47. Christ answers His own question and at the same time gives a final disproof of their claim to call God their father (John 8:41).

heareth God’s words] Christ here assumes, what He elsewhere maintains explicitly, that He speaks the words of God (John 8:26, John 3:34, John 7:16, John 17:8).

ye therefore hear them not] Better, for this cause (John 12:18; John 12:27) ye hear not. It is not S. John’s favourite particle ‘therefore,’ but, as in John 5:16; John 5:18, John 6:65, John 7:22 (see notes there), a preposition and pronoun with which he not unfrequently begins a sentence to prepare the way for a ‘because’ afterwards. These characteristics of his language should be preserved in English, and kept distinct, so far as is possible. In the First Epistle he uses the very same test as Christ here applies to the Jews; ‘We are of God: he that knoweth God heareth us; he that is not of God heareth not us. Hereby know we the spirit of truth and the spirit of error’ (John 4:6).

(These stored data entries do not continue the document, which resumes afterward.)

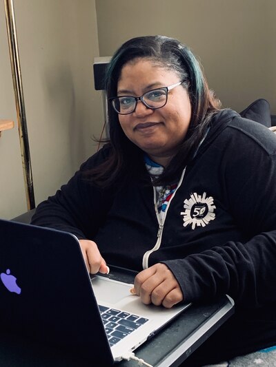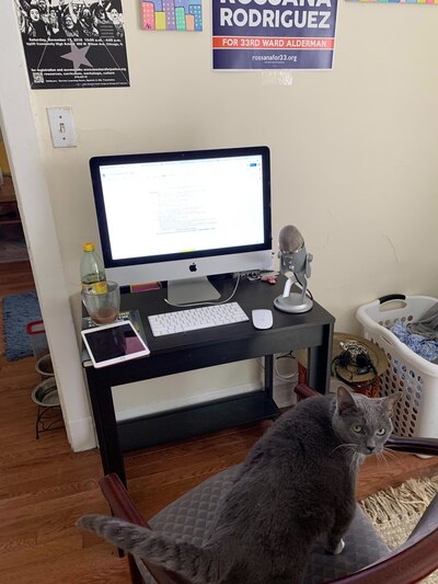 Social worker Alyssa Rodriguez works from her Wrigleyville home office.
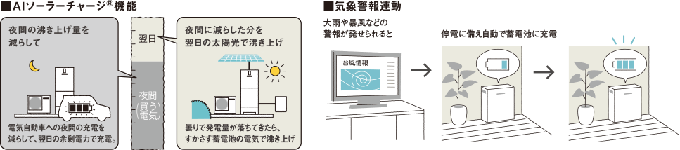 AiSEG2と連携し、翌日の天気予報をもとに自動で太陽光発電の余剰電力を活用する「AIソーラーチャージ機能」や、停電に備え自動で蓄電池ユニットに充電する「気象警報連動」など、家の電気をよりかしこく・より安心に自動制御できます。
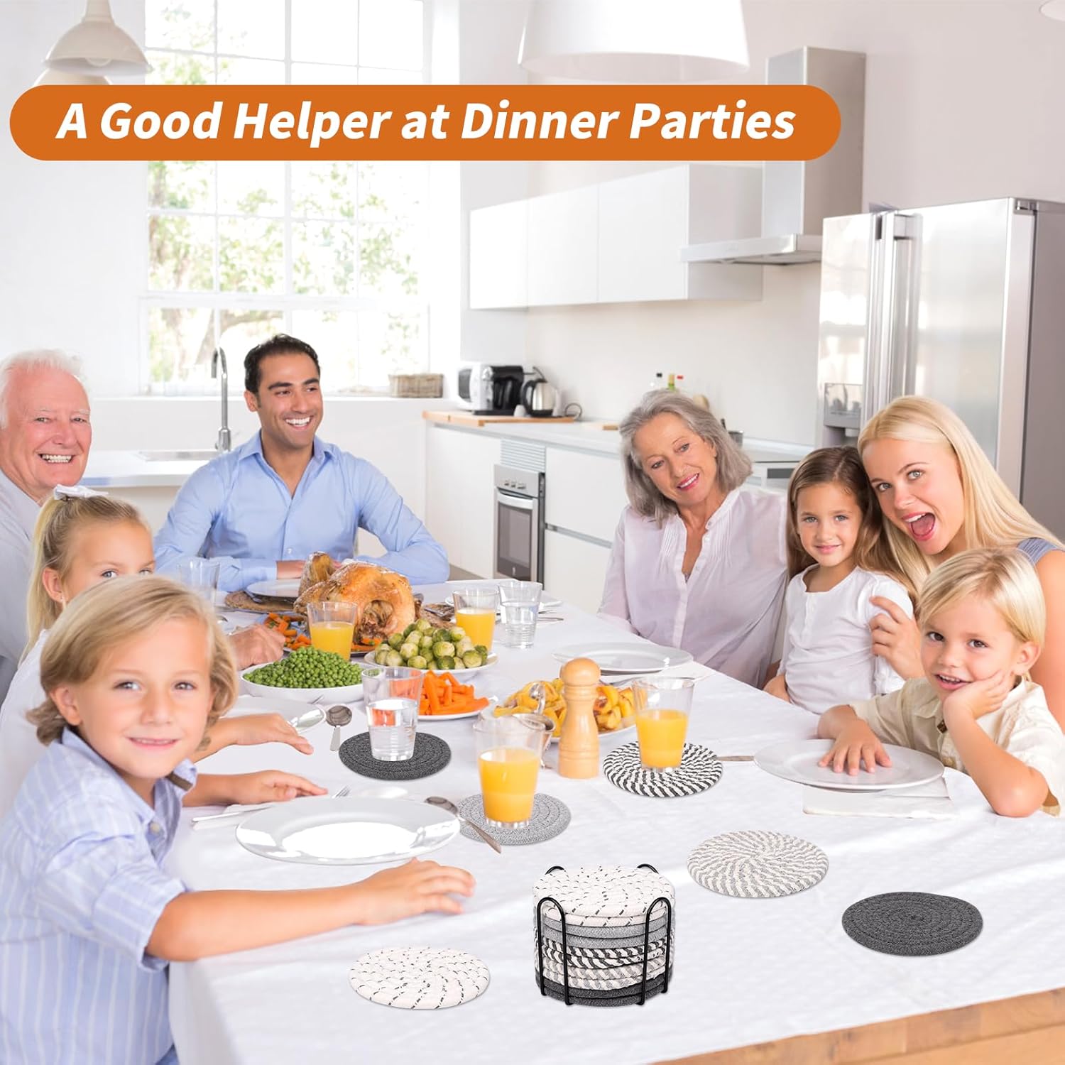 - What You Get: You will get more quantity and more multiple styles coasters from us than any others . You'll get 10pcs round hand-woven cotton coasters (ultra-minimalist style, 4.3") and a 4.3"x3.1" black metal coaster holder.5 colors designs 10pcs in total, which can be used in almost any family scene.
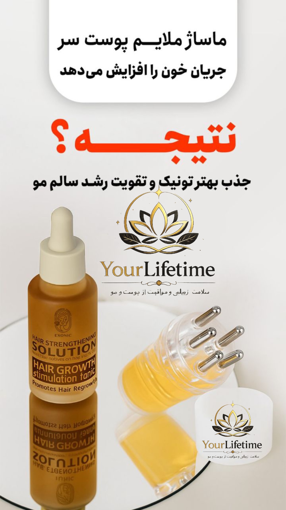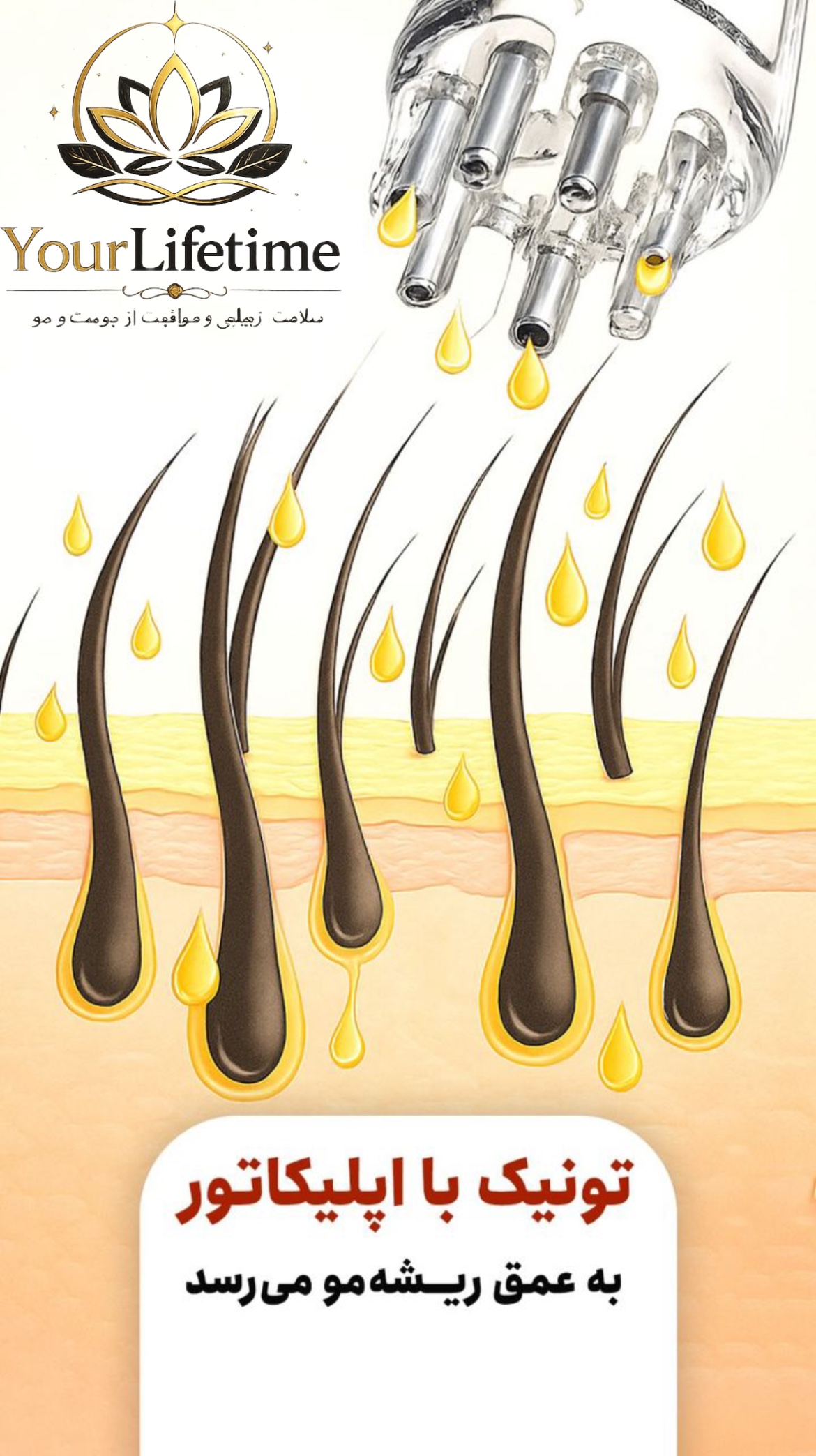 با اپلیکاتور ماساژ برای رساندن تونیک به عمق ریشه مو و جذب بهتر و موثرتر
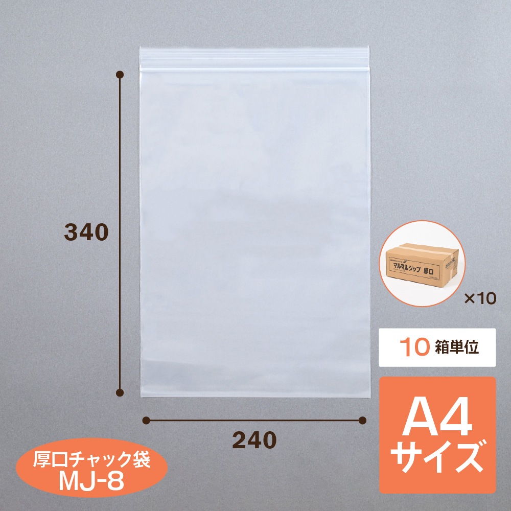 | マルマルジップ厚口 MJ-8(10箱売り) | LDPE | 0.08mm | 240mm | 340mm | 9.34円 | 8,000枚 | 82,240円 |
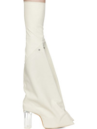 Thigh-high stretch buffed lambskin and grained calfskin boots. · LWG-certified · Pointed toe · Press-stud hardware at vamp · Elasticized collar · Plain-woven and buffed calfskin lining · Transparent plexiglass block heel · Covered platform midsole · Leather sole with rubber injection · Platform: H3" · Heel: H5.25" Supplier color: Dirty milk/Clear Upper: lambskin, calfskin. Sole: leather, rubber. Made in Italy 252232M222008
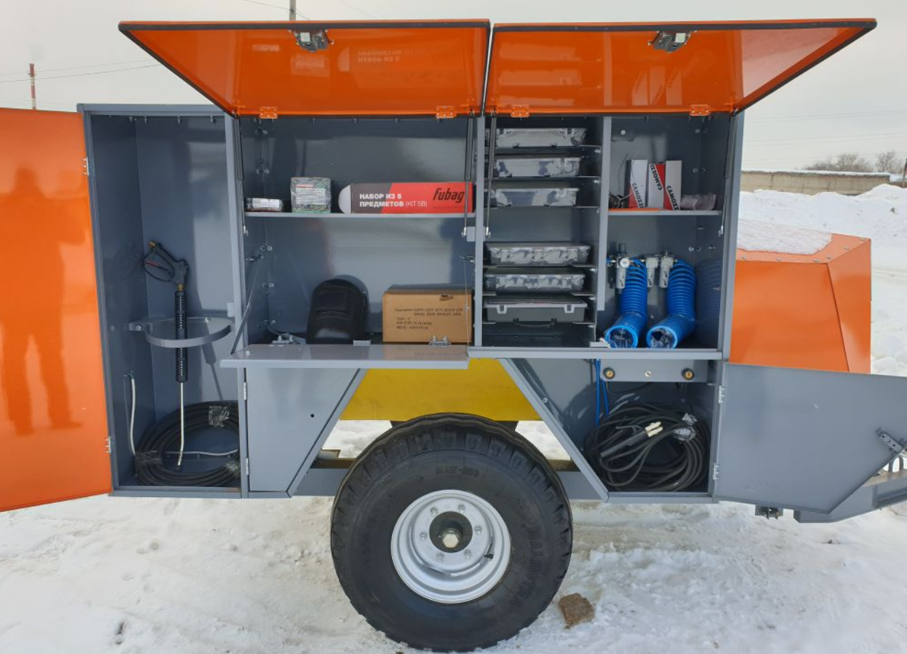 - Пневмоинструментом (дрель, отрезная машина, набор пневматических приспособлений для покраски, нанесения антикоррозийных покрытий, продувки радиаторов, накачки шин);
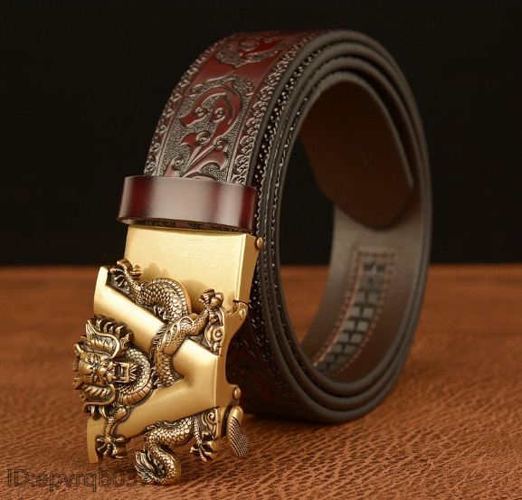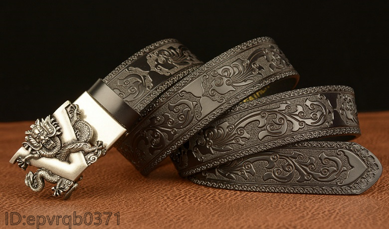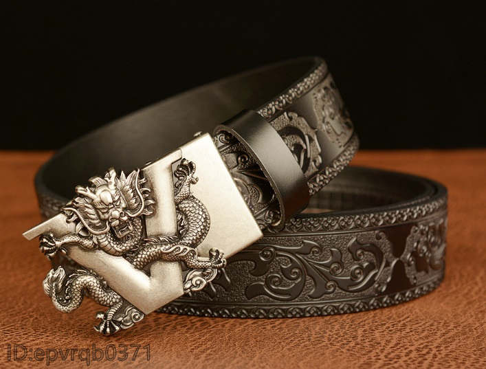 レザーベルト※新品 オートロック式 バックル ドラゴン龍 本革 メンズベ ルト 幅3.5センチ 柄物 紳士 長さ調整可能 /シルバー黒

John 8:47. Ἐκ τοῦ Θεοῦ) of [from] God, as of a father.—τὰ) he alone heareth the words of God.—διὰ τοῦτο, therefore [on this account]) The conclusion, Ye are not of God, John 8:42, is proved by the effect; inasmuch as ye do not hear; John 8:42, “If God were your Father, ye would love Me.”

Verses 47-58. -

(6) THE I AM. The claim to be the Source of liberty and life, in reply to those who appealed to their Father God and their father Abraham, led Jesus to assert his anteriority to Abraham. Verse 47. - There was some pause after this searching inquiry. Silence showed that, if they could not convince him of sin, they were ready with no answer to his question. He assumes that his word is unanswerable; he is what he says he is, and is able to set men free from sin and to give them eternal life. Their position is still further explained by a distinct syllogism, of which the major premiss is: He that is of God heareth the words of God; words which it is obviously taken for granted he is freely, surely uttering. Who are the persons referred to? Some, like Hilgenfeld, discover here a Manichaean, Gnostic sense - "those who are essentially of a Divine origin and spiritual nature," are absolutely different from those who are of the psychic or hylic nature. Thus they cut away all force from the moral reproof which follows. Others insist that here Jesus speaks of the regenerated man, the true child of God, who has power to believe, who has come to the Father, being predestinated unto eternal life. Even this interpretation does not leave sufficiently ample play to the human freedom, and the personal self-responsibility, which pervades the teaching of the gospel. Elsewhere he speaks of these who are "of the truth" and "hear his voice," of "those whom the Father draws" to him by the very love and grace which he, the Son, lavishes upon them (see notes, John 6:37, 44; John 18:37; John 17:6, 9, 11). He also speaks of those who come to him being given to him. He is here contemplating this wide class, who are scattered through all time and places, with susceptible minds capable of hearing freely, and believing when they hear, the words of God. For this cause ye hear them not, because ye are not of God; i.e. seeing that ye do not hear the words of God, it is evident that ye are not of God. They are not excluded from becoming so by any irreversible fate, but their present obtuseness of spiritual perception, their refusal to accept truth on its clearest exposition, shows that they are not born of God; they are not being drawn to him by inworking of the Father's grace. The very form of the expression was once more meant to touch their conscience. John 8:47He that is of (ὁ ὣν ἐκ)

The familiar construction. See on John 1:46.